A Clark County resident has filed a federal lawsuit alleging that the Energy Department has purposely designed nuclear waste shipment routes through minority neighborhoods.
The civil rights suit, filed Friday by Jonathan Galaviz, 25, calls for an immediate injunction to keep the Energy Department from storing nuclear waste at Yucca Mountain, the proposed dump site 90 miles northwest of Las Vegas.
The suit states that the routes described in the Energy Department's economic impact study were set to take the dangerous materials through heavily populated minority areas.
"High-level nuclear waster shipment routes have been intentionally selected to travel through predominately minority communities ... in order to reduce majority opposition to this flawed $100 billion project," said Galaviz, who is Hispanic and running for Clark County assessor.
Of the 150 million Americans who will be impacted by the transportation of nuclear waste, Galaviz said that 60 to 65 percent are minorities, who represent 25 percent of the population.
"That is a disproportionate figure," Galaviz said.
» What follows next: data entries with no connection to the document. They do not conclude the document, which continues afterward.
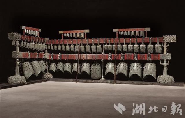 曾侯乙编钟1978年出土于湖北随州曾侯乙墓,年代为战国早期。钟架长7.48米、高2.65米。全套编钟共六十五件,分三层八组悬挂在呈曲尺形的铜木结构钟架上,上层为三组共19件钮钟、中下层五组共45件甬钟,及一件楚惠王赠送给曾侯乙的镈钟所组成。钟及架、钩上共有铭文3755字,内容为编号、记事、标音及乐律理论。每件钟均能奏出呈三度音阶的双音,整套编钟音域可跨五个半八度,十二个半音齐备,可以旋宫转调。其音列是现今通行的C大调,能演奏五声、六声或七声音阶的乐曲,曾侯乙编钟的出土改写了世界音乐史。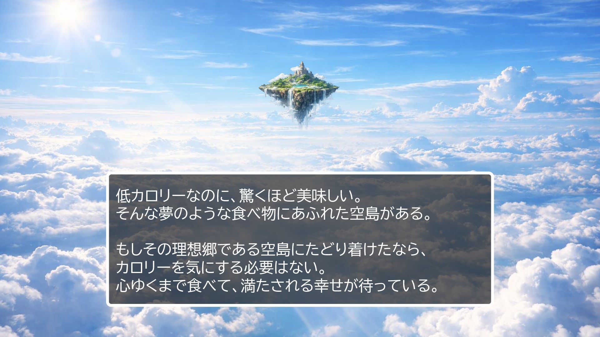低カロリーなのに、驚くほど美味しい。 そんな夢のような食べ物にあふれた空島がある。 もしその理想郷である空島にたどり着けたなら、 カロリーを気にする必要はない。 心ゆくまで食べて、満たされる幸せが待っている。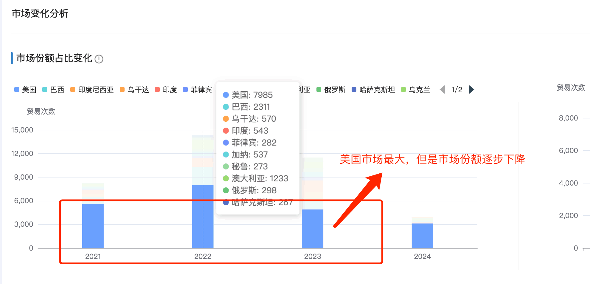 1. evo真人视讯商情洞察市场分析新增「市场占比变化分析」:分析每年的头部市场的占比排名和变化,哪些市场持续排名在头部,哪些市场排名逐渐下滑甚至消失在top之外的。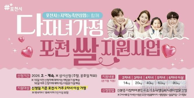 협약에 따라 포천시에 주민등록을 둔 2자녀 이상 가정(막내 자녀 18세 이하)을 대상으로 자녀 수에 따라 차등된 물량의 ‘포천 쌀’을 분기별로 지원한다. 다만 초중고·대학교·기숙사 등 학업을 목적으로 세대 분리된 자녀의 경우에도 지원 대상에 포함된다. 지원 규모는 2자녀 가정 14kg, 3자녀 가정 20kg, 4자녀 가정 40kg, 5자녀 가정 60kg, 6자녀 이상 가정 80kg으로, 매년 3·6·9·12월에 각 가정으로 배송된다.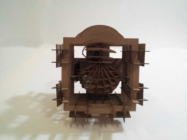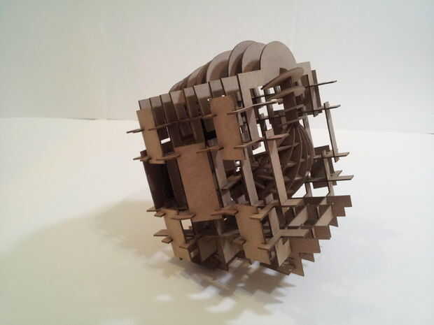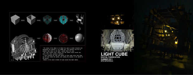 El alcance del objeto es torcer el cubo en ciertos momentos y expresando esta distorsión de la cuadrícula de la galleta. Esta distorsión y la expresión también reacciona a la luz se coloca dentro del cubo. El cubo contiene la mitad de una esfera y esta esfera envuelve alrededor un lado del cubo, causando una distorsión. Yo he incluido el cubo con los planos en los tres lados que ayudan a mantener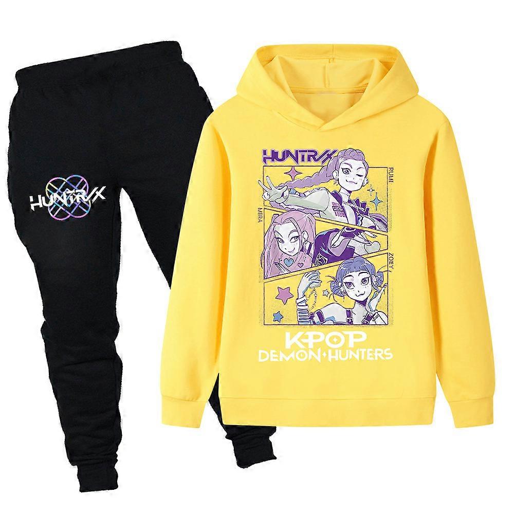 Yellow- Hot Selling Witch Hunting Group Printing Children's Suit Kids Hoodie Sweater Suit Pb1199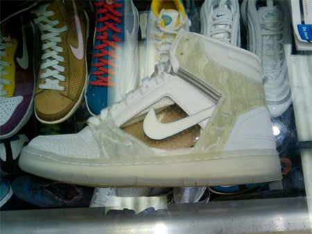 In 2004 Nike released the Espo Nike Air Force II (2) Low, a limited edition Air Force II designed by graffiti artist Espo. Nike has taken the “invisible” concept and used in on a few rare occasions, but look to resurrect this unique design for the upcoming Air Force II High, slated to release next year. Like the original, this Air Force II uses a clear mid-section while keeping the toe leather. The rest of the sneaker is composed of white, blue accents and various materials and an icy outersole. No word on an exact release date, but expect to see this model next year. Via NT.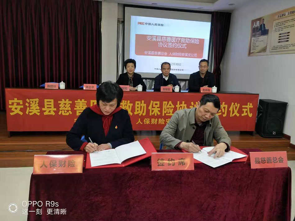 为创新慈善保障模式,丰富多层次医疗保障和救助体系,通过保险机制放大慈善资金的使用效能,帮助弱势群体缓解压力,度过突发困境,让有限的善款释放出更大的能量。经充分协商,安溪县慈善总会与中国人民财产保险股份有限公司安溪支公司决定结合各自的平台优势,开展深层次合作,达成安溪县慈善医疗救助保险协议,并于2020年12月30日举行签约仪式。安溪县人民政府林毅敏副县长,安溪县民政局詹辉儒副局长,安溪县慈善总会谢保家常务副会长、林志平秘书长,中国人民财产保险股份有限公司安溪支公司陈丽玲经理出席本次活动。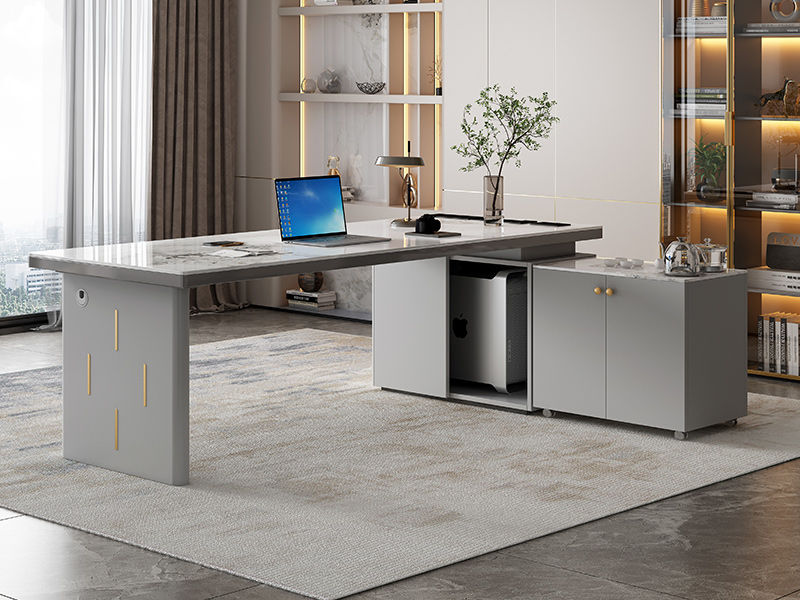上铭轩 轻奢 岩板+E1中纤板+多层实木板+碳素钢五金+电茶炉(不含椅子茶具) 1.8米茶书桌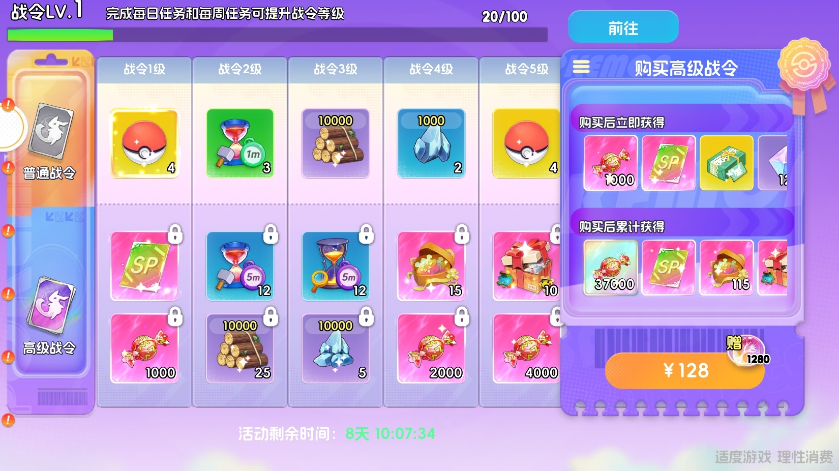 高级战令需128元激活,涵盖大量加速类道具、岛屿建设资源、宝可梦培养材料,并附赠一张SP宝可梦自选卡。

He added that railroad tracks -- a major mode of transportation for the nuclear waste -- typically run through minority neighborhoods.
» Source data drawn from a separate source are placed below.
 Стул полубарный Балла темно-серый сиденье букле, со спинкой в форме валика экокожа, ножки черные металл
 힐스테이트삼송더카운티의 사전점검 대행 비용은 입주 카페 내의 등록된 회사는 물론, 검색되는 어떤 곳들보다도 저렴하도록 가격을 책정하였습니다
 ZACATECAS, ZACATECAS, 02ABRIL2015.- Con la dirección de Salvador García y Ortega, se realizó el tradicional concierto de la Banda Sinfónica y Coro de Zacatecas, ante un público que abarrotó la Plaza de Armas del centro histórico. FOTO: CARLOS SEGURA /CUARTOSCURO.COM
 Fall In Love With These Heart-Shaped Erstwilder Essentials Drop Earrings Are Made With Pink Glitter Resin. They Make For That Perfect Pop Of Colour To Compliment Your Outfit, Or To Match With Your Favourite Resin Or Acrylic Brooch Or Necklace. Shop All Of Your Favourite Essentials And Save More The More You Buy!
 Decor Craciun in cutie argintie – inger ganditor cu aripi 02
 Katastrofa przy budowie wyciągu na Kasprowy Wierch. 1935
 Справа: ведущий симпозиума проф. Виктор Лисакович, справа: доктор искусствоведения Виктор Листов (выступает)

"High-level nuclear waste shipments will not be transported through Rodeo Drive in Beverly Hills, Calif., or in the posh areas of Georgetown in Washington, D.C., but there will be thousands shipped by truck and rail through predominantly minority and low-income communities for the next 40 years," Galaviz said.
Galaviz' suit also alleges that Congress violated the Equal Protection Clause of the 14th Amendment when it altered the 1982 Nuclear Waste Policy Act in 1987 to single out Yucca Mountain as the only site to be studied.
"The other sites were off the list without any scientific evaluation whatsoever," Galaviz said. "Nevadans are not getting the same protection under the law as other states."
Along with the Energy Department, the suit names Energy Secretary Spencer Abraham and President Bush as defendants because, Galaviz said, they used "the fraudulent and misinformed environmental impact statement on Yucca Mountain" to recommend the site to Congress.
Galaviz claims in the suit that the DOE failed to conduct an analysis to determine whether proposed waste routes would have an adverse effect on blacks, Hispanics, Asian-Americans and American Indians. He also states that Clark County is a "predominantly minority community."
The 2000 Census shows that 72 percent of Clark County's population is classified as white, and that can include some of those of Hispanic/Latino origin. According to the Census, 60 percent of the county population is white and not of Hispanic or Latino origin. Overall, the 2000 Census said 22 percent of Clark County's population had Hispanic or Latino origins.
Galaviz, a Republican who works in technology business strategy for Mandalay Resort Group, said he didn't file the lawsuit because of politics or as an environmental crusade.
He is currently representing himself in the civil suit but said he is talking with environmental and civil rights groups that may join the case as plaintiffs or take on the case as primary counsel.